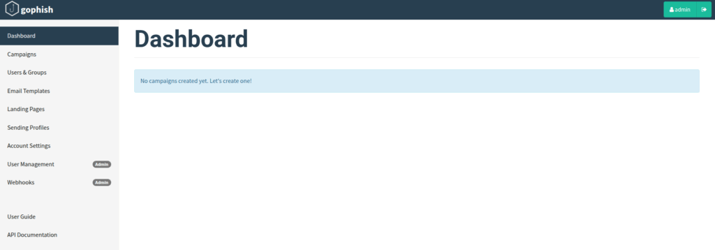 Ya instalado podremos leer la guia de usuario y continuar ya que es bastante sencillo!! https://docs.getgophish.com/user-guide/
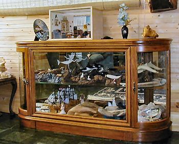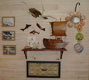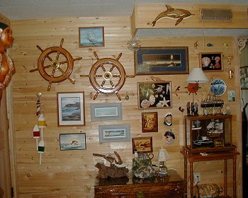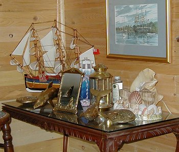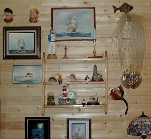 scrimshaw carving, and some mini lighthouse figures. The ship's lantern
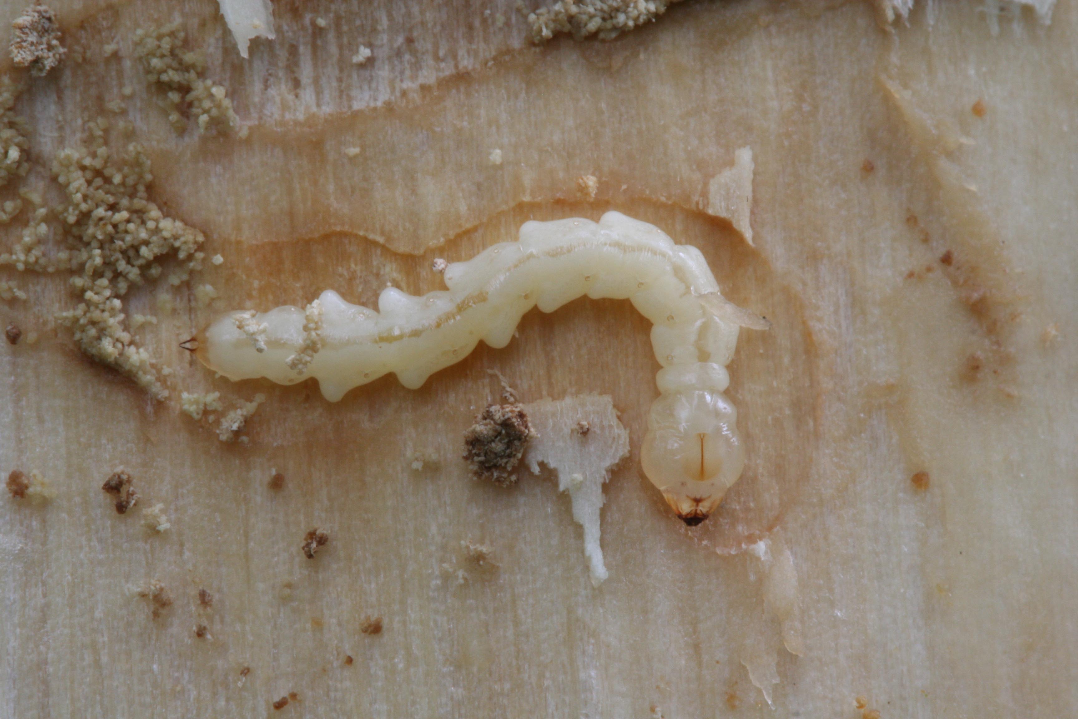 Les larves sont les principales responsables de ces dommages. Les galeries qu'elles creusent sous l'écorce empêchent la sève de circuler et d'atteindre la cime de l'arbre, qui est la première à dépérir.

● ● ● ● ● ● ●

_PROBLEM_
Could you retype every line above exactly as it appears, skipping the pictures?

_TASK SOLUTION_
 Ya instalado podremos leer la guia de usuario y continuar ya que es bastante sencillo!! https://docs.getgophish.com/user-guide/
 scrimshaw carving, and some mini lighthouse figures. The ship's lantern
 Les larves sont les principales responsables de ces dommages. Les galeries qu'elles creusent sous l'écorce empêchent la sève de circuler et d'atteindre la cime de l'arbre, qui est la première à dépérir.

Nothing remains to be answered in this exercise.